Dr Susan’s office is on the fourth floor. This is one reason out of ninety-nine why I feel like ditching therapy. All the steps just to get somebody tell what you are doing right and wrong. Annoying. I’m already fifteen minutes late to my 5 o’clock appointment. Two steps more, I saw the door of Dr Susan Therapy Sessions. She works on her own, she doesn’t need an assistant. As I reach for the handle, it started turning. Somebody must have an appointment before me. As it opens, I encounter someone I didn’t thought of going to therapy sessions as I do.
“Danny,”
He sniffed.
“Oh hey, therapy uh?”
“I guess. You go to therapy too?”
“Yeah, three weeks now. What for?”
“Uh?”
“You’re cutting yourself right?”
“Yes, apparently. You Danny?”
“Depression. Got the pills here”
He patted his pockets indicating that there are anti-depression pills in there. I look up and gazed into his eyes. There are heavy bags under his eyes. I used to see them beautiful and bright hazel eyes, now they’re just dull like his life right now. The tension that was going on at that moment made him uncomfortable. He did his fake cough to alert the situation. “See you later Lucy,” he said and walked pass me them down the stairs. There won’t be another ‘later’, because later to us is now ‘I hope never’.  I understood. I’m not going to go searching for that later.
I walked into the office. Dr Susan was sitting on her chair, waiting for me. “Lie down here now Lucy Trace.” So I did. I placed my jacket besides me, and slowly lay my head on the small pillow that the chair had with.
“Are you still self-harming yourself?” she asked me.
“Last night, I did one cut. Just one.” I said. 
I show her my right wrist the cut I did last night. Dr Susan just nodded and jotted something on her notes that also had previous therapy sessions I had.  “Do your parents know about this?” she questioned.
I shook my head. “They think I stop cutting since I go to therapy. Stupid”
“I don’t think it’s stupid that they think you have stopped. Therapy is something that you can progress on. Renovate yourself to a better start. They hope for the best in you.”
“I cut, so what is the big deal? I’m not cutting myself to suicide.” I stated out.
“But you eventual may cut yourself to suicide. That is what I’m trying to progress on. I don’t want things like that to happen.”

After two hours past, my therapy session was over, thankfully. As I gotten down the ground floor, it was raining heavily. There was a shelter nearby, so I ran quickly over puddle and mud just to keep dry.

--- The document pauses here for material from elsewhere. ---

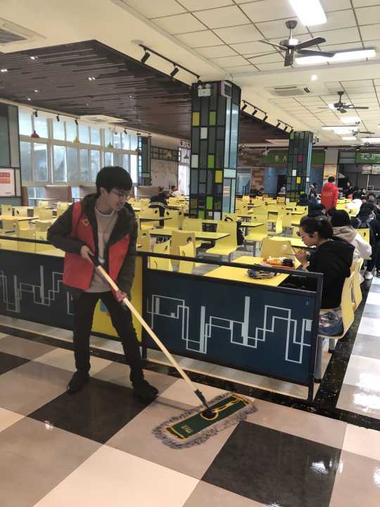 活动中,志愿者们统一着装,意气高昂,兴致勃勃,表示愿意为一个更加清洁的教室、一个更加美好的校园奉献自己的一份力量。在教室,志愿者们自带打扫工具,擦黑板,清理桌兜,扫地,拖地,整理讲台……同学们相互配合,认真劳动,积极为同学们提供一个良好清洁的学习环境;在食堂,志愿者们主动投身收残、清洁餐桌、整理餐盘等工作岗位,认真细致,积极为全校同学营造一个良好的就餐环境。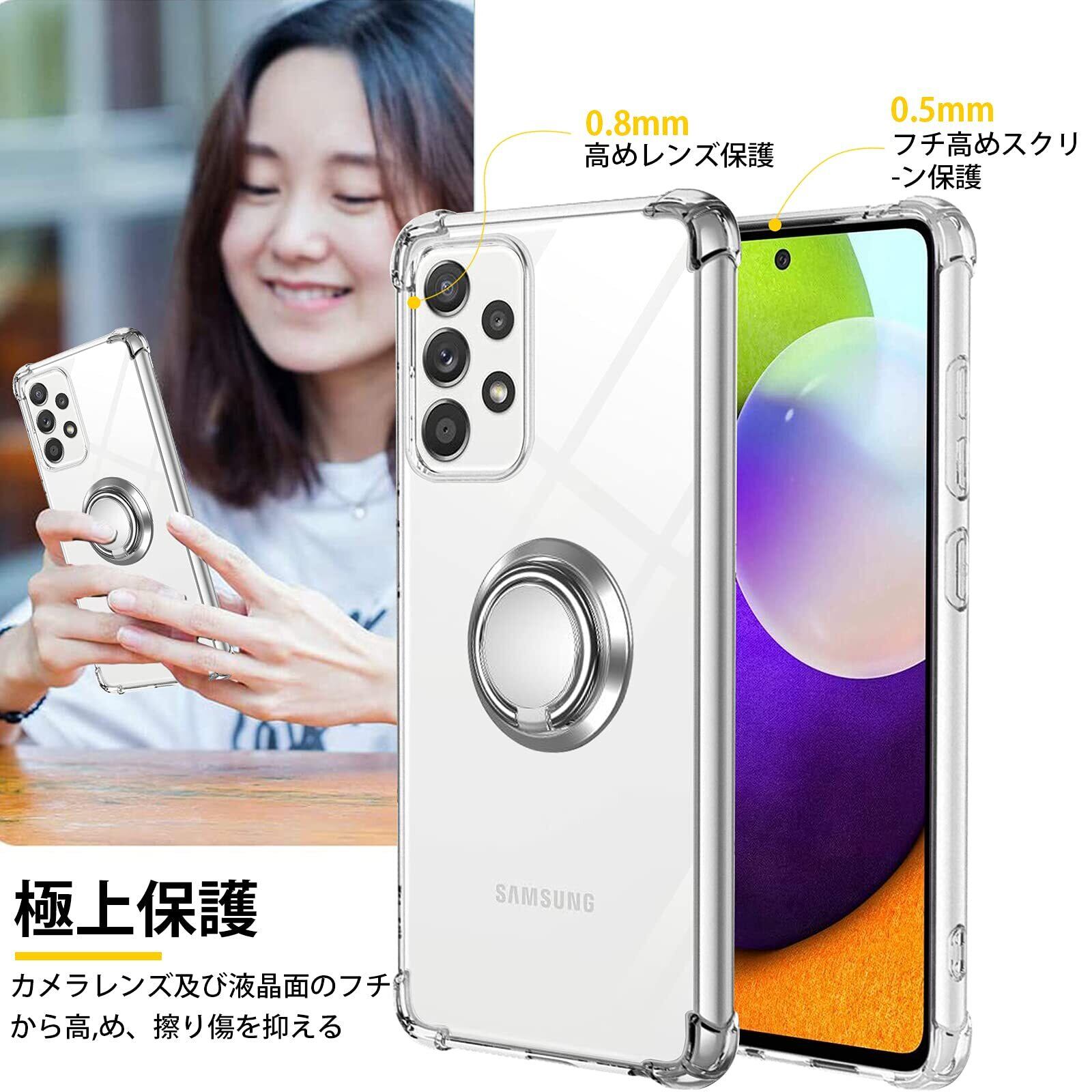 Galaxy A52 5G ケース リング 透明 tpu 薄型 軽量シリコン ギャラクシーA52 5Gカバー 耐衝撃 指紋防止 車載ホルダー対応 防塵 一体型 人気 携帯カバー(クリア)

Danny was there. Why is he there?

Danny looked at me as I took a seat next to him. I guess there was a later.
“Hey,”
“Hey.” I said back.
“You’re wet, need a towel?” he said. I said no, that I was just fine at that moment.
Somehow I started to blurt out something I kind of regret.
“Are we friends? Are we even close anymore Danny? You act like we are now nothing.” I look at him.
He shook his shoulders. “I don’t know. Are we?”
“I don’t know Danny. When you’re mom died…”
“When my mom died was my personal business Lucy.”

I kept my mouth shut. I guess we’re not friends anymore.

“Did you cut again?”  
His voice almost like a whisper, he sounded as if he was so worried about me.
“No,” I replied. 
“Why do you care anyways?”  It was a question that I had rights to ask.
He shrugged. He looked away, out to the rainy atmosphere. It was pouring rain. I’m stuck. Out of all people around me, it’s him that God chosen to spend quality time with while waiting for my parents to pick me up.
“Should there be a reason to care?” he answered back.
“No,”
“I know things have been rough between us Lucy, but I still care about you. I just don’t know what to do since my mom died okay?”

He then continued
“Don’t hate me Lucy for what had happened. It’s just…”

“I hate you,” I said back. My eyes were motionless. We responded to each other but made no eye contact.
“Lucy…”.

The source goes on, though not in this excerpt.